Rivadavia's Idea Sprouts Forth In Australia
C. Villalobos Dominguez
[Reprinted from Land and Freedom, July-August
1927. Translated from Mundo Argentina, Buenos Aires]
Canberra: A city where all will be able to live and work without
being overloaded with the heavy burden of taxes and all will be able
to have a house of their own without having to buy the land.
IN this month of May, which is consecrated to the memory of the birth
of the Argentine nation, the most positive tribute for the
perpetuation of one of its most outstanding creators has been
provided, not by Argentines, but by men of another country and another
race; to be exact, by our antipodeans, in the Australian continent.
There, not with flattering words, but with enduring deeds, on the 9th
of May was inaugurated the Federal Parliament Building and in the act
celebrated the founding of a great city, which will be the capital of
a great democratic nation like our own, but showing itself to be more
capable, as we shall see, of real and transcendental progress.
The Australian nation, formed of autonomous states, was constituted
in the year 1901, and thus arose the necessity of giving to it a
national capital as seat of the federal government.
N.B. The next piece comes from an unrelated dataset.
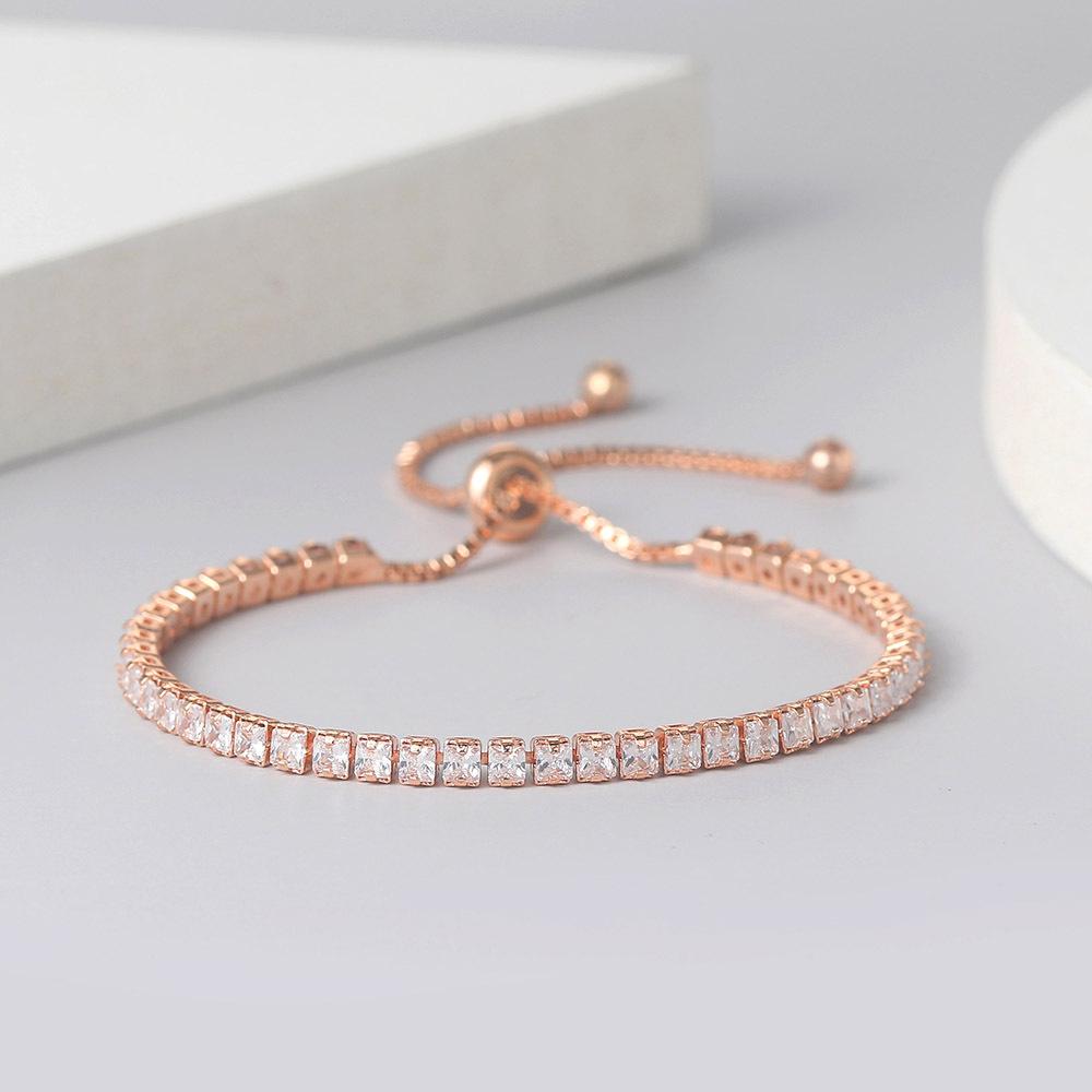 Misty Moon, Single Row Full Diamond 2.5Mm Square Zircon Bracelet, Adjustable Crystal Jewelry.

It was considered
advisable to found a new city, just as was done here in the case of
the city of La Plata, in order to provide a capital for the province
of Buenos Aires.
On studying the best way of organizing the economic bases for the new
metropolis, the Australian authorities, in harmony with advanced
science and enlightened patriotism, decided to establish, as regards
the ground upon which it was to stand, a system of leasing which turns
out to be similar if not exactly the same as the system which was
conceived and implanted with success in our own country by our great
Argentine patriot, Bernardino Rivadavia.
The incipient civic culture of our country in those first days of its
national life was unable to appreciate sufficiently the extraordinary
gift that was bestowed upon it. It could not resist the reactionary
movement under Rosas, the tyrant, which annulled or postponed this and
so many other advanced reforms.
But a great and true thought never dies. Soon or late, it revives.
And it is with reflective emotion that we must observe the marvelous
fact that, on the other side of the globe and a century removed in
time, there arises in full vigor the same ideas which Rivadavia and
his friends fervently upheld as the guarantee of the future greatness
and happiness of the Argentine people.
Rivadavia's idea consisted, briefly, in affirming the principle that
the land of the country must not be sold to anyone, foreigner or
native; that said land must remain the common property of all men who
at any given time live there. It also established that each man can
use in any way any portion he may need in order to till it and occupy
it with his dwelling, factory or business, the only condition being
that of paying into the common treasury the economic rent attaching to
the portion he occupies.
This fundamental idea and principle, inculcated in the teachings of
the learned French physiocrats and the illustrious ministers of
Charles II, Campomanes and Floridablanca, was completed by the
enlightened intuition of Bernardino Rivadavia and shaped into a
practical procedure for carrying it out, utilizing the advantageous
position presented by the Republic, as a new country where at that
time almost all of the land was public property, not having been sold,
save to a very small extent, to private individuals.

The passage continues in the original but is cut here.